Estimating Costs of Mental Health and Substance Abuse Coverage

Abstract
Prologue:States increasingly are looking for ways to improve the financing of mental health care for their disadvantaged citizens. Will the uncertainty of the cost estimating process lead them to back off from innovative legislation? During the debate on national health care reform, one organization estimated that the cost of providing mental health and substance abuse (MH/SA) treatment coverage to an uninsured person would be a whopping 245 percent higher than the cost of covering a typical, currently insured person. Such estimates discouraged the Clinton administration from proposing more comprehensive mental health coverage. But where did that number come from? Two mental health care financing experts, Richard Frank and Tom McGuire, ask, Do the calculations stand up to scrutiny? This paper sheds light on that difference in results and the many others that caused estimates of the mental health/substance abuse benefit proposed in the Clinton plan to differ by almost 100 percent. State policymakers, charged with reducing expenditures for Medicaid, the corrections system, education, and welfare, would be wise to heed Frank and McGuire s advice on reducing such uncertainty about cost estimates in the future.

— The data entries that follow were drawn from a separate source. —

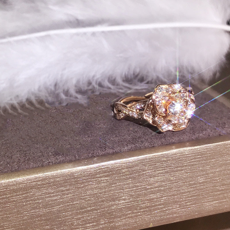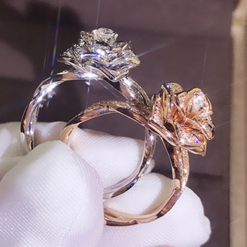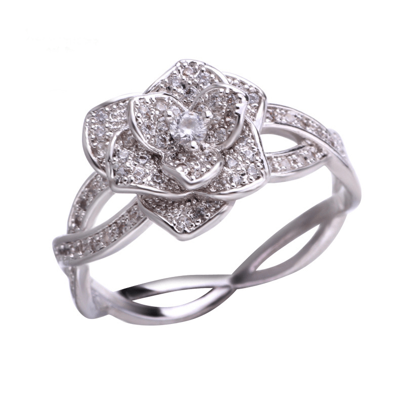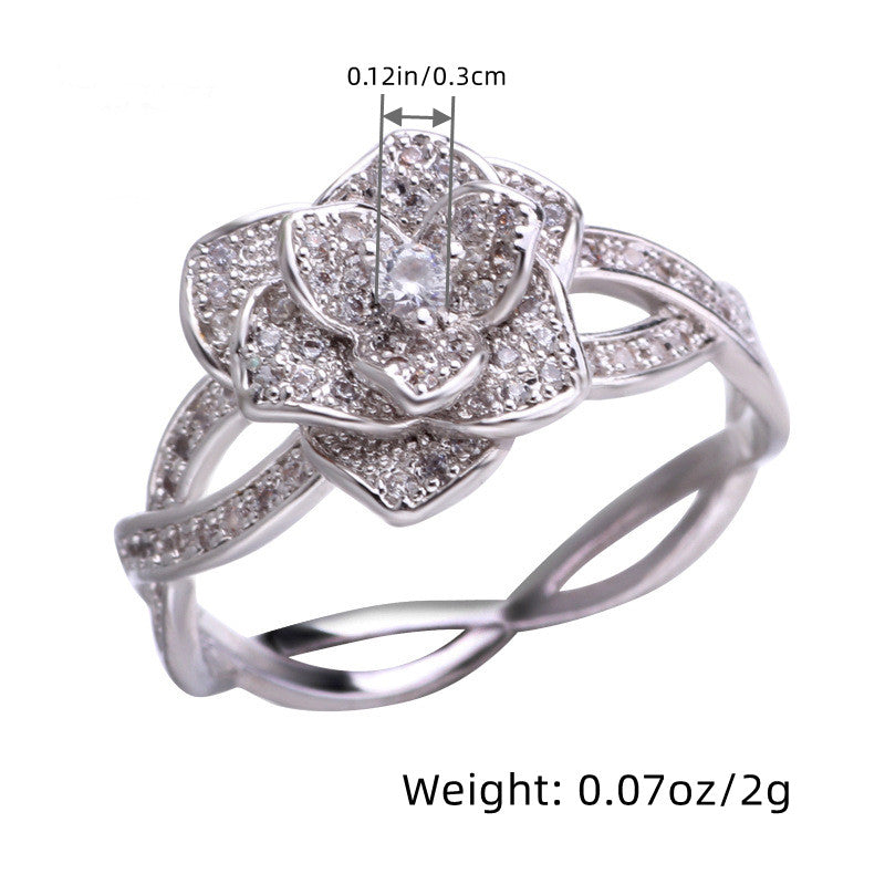 Elegant flower ring in silver plating with shiny zircon stones, perfect for engagement, wedding, or evening party. The intertwined band adds a touch of sophistication to your look.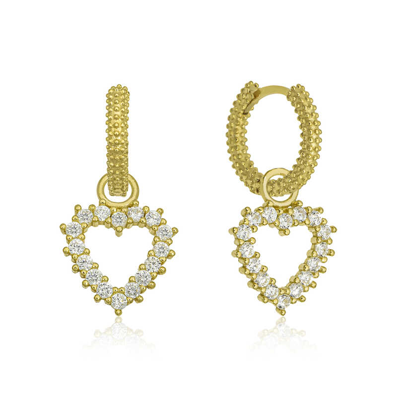 Kalp deseninin hepsi taşlı olan bu harika tasarım kalp küpe modeli 925 ayar gümüşten imal edilmiştir. Kalp tasarımlı küpeler aşkı çağrıştırır. Bu yüzden gümüş küpe güzel bir hediye seçeneği de olabilir. Bu küpe üzerinde zirkon taşlar kullanılmıştır. Gümüşün üzerine oksitlenmesinin gecikmesi ve parlaklığını uzun süre muhafaza etmesi için gold kaplama yapılmıştır. Bu bayan kalp küpe modeli diğer gümüş bayan kalp küpe modellerinde olduğu gibi el emeği ile üretilmiştir. Gümüş ve değerli taşlar nedeniyle belirtilen ortalama ürün ağırlığında ± %10 sapma olabilmektedir.
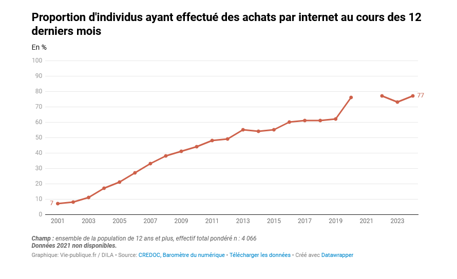 Selon la Cour, en 2024, 94% des Français utilisaient internet, 77% avaient effectué au moins un achat en ligne (contre 7% en 2001) et près de la moitié faisaient au moins un achat en ligne par mois.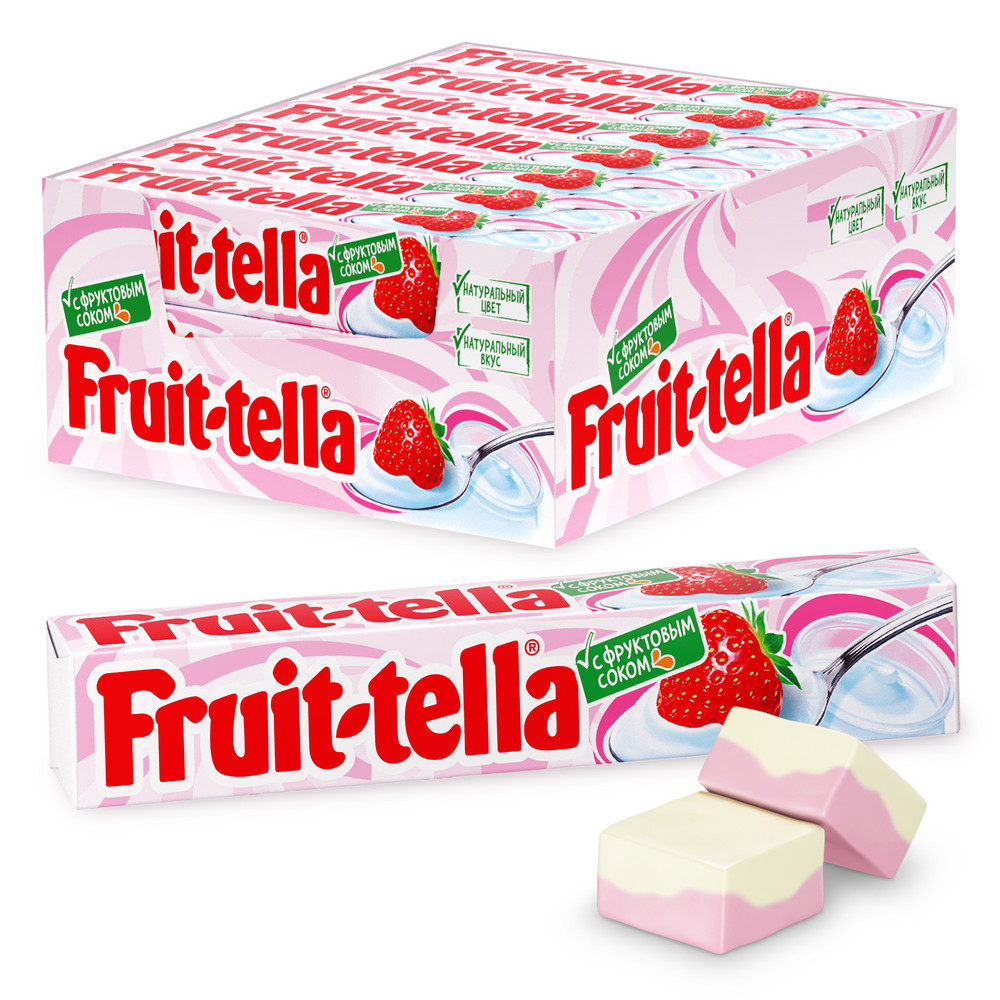 Любители фруктов вдохновили Fruittella на создание вкуснейших жевательных конфет с добавлением фруктового сока, приготовленных из натуральных ингредиентов. Нежное сочетание йогурта и вкуса сочной клубники создают неповторимую жевательную конфету Fruittella Клубника-Йогурт. Идеальна, чтобы наслаждаться самому и делиться с другими!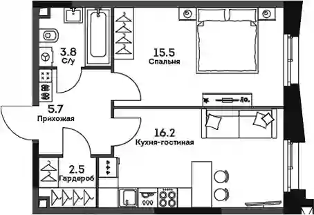 26 381 690 ₽2-к.квартира, 43.7 м², 20 эт.
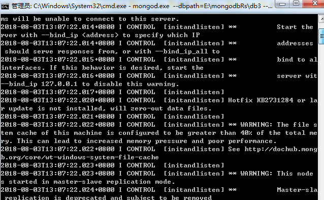 mongod.exe --port 27013 --dbpath=E:\mongodbRs\db3 --replSet rs0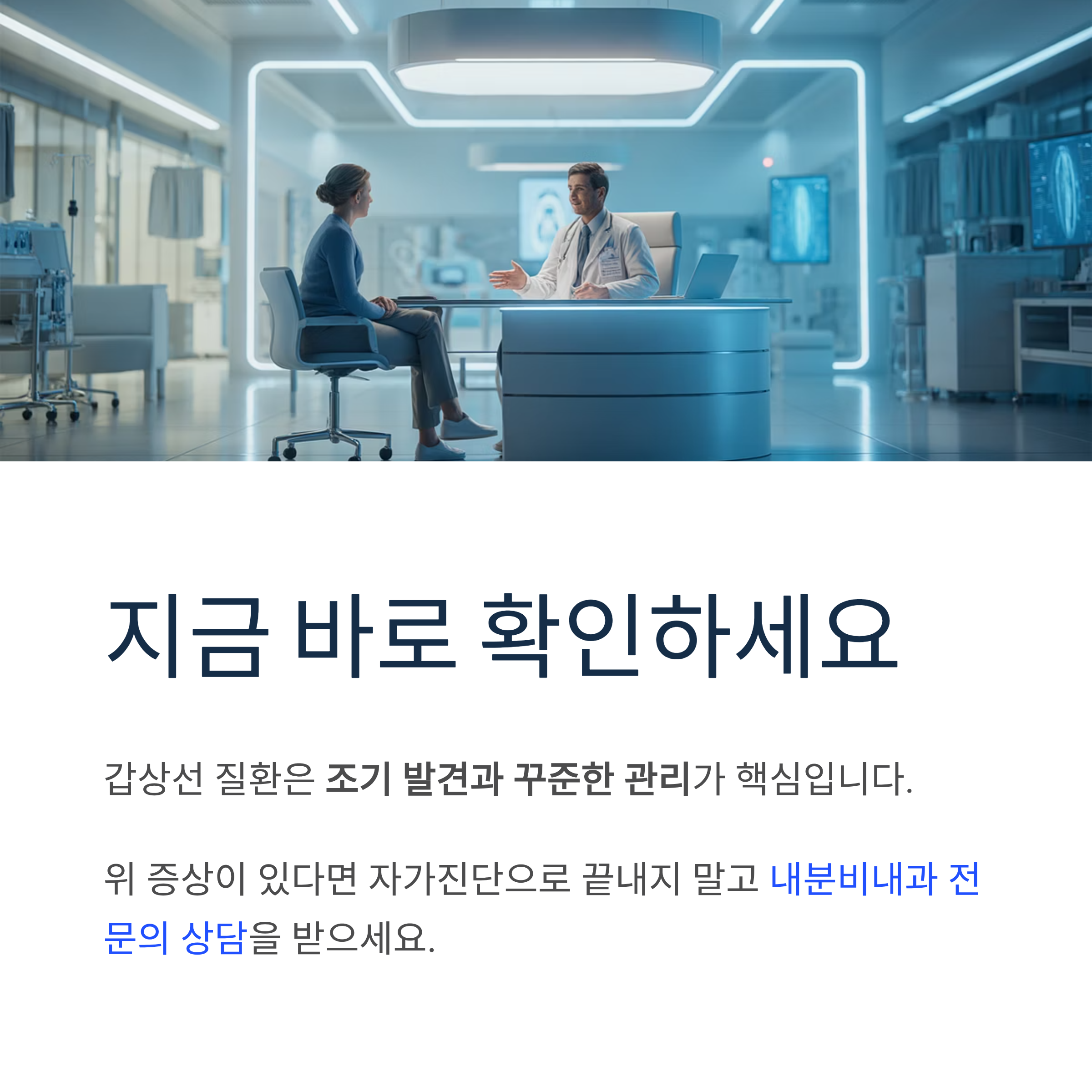 갑상선 질환은 조기 발견과 꾸준한 관리가 핵심입니다. 위 증상이 있다면 자가진단으로 끝내지 말고 전문의 상담을 받아 정확한 치료를 시작하세요.

Frank is a professor in the Department of Health Care Policy at Harvard Medical School and a research associate with the National Bureau of Economic Research. He is conducting studies on public financing of mental health services, immunization procurement policy, and design of MH/SA insurance coverage. He holds a doctorate in economics from Boston University. McGuire is a professor of economics at Boston University. He has written extensively on mental health economics and policy. He is the recipient of two sequential five-year Research Scientist Awards from the National Institute of Mental Health to study the financing of mental health services. The cost of expanding mental health and substance abuse treatment coverage is a major impediment to reforming insurance coverage for these types of conditions. The recent experience with national health care reform offers a case study in cost estimation for mental health and substance abuse coverage. The impact of managed care and the cost of expanding coverage to currently uninsured persons introduced uncertainty into predictions. This paper critically reviews that experience and draws lessons for estimating future costs of policy initiatives.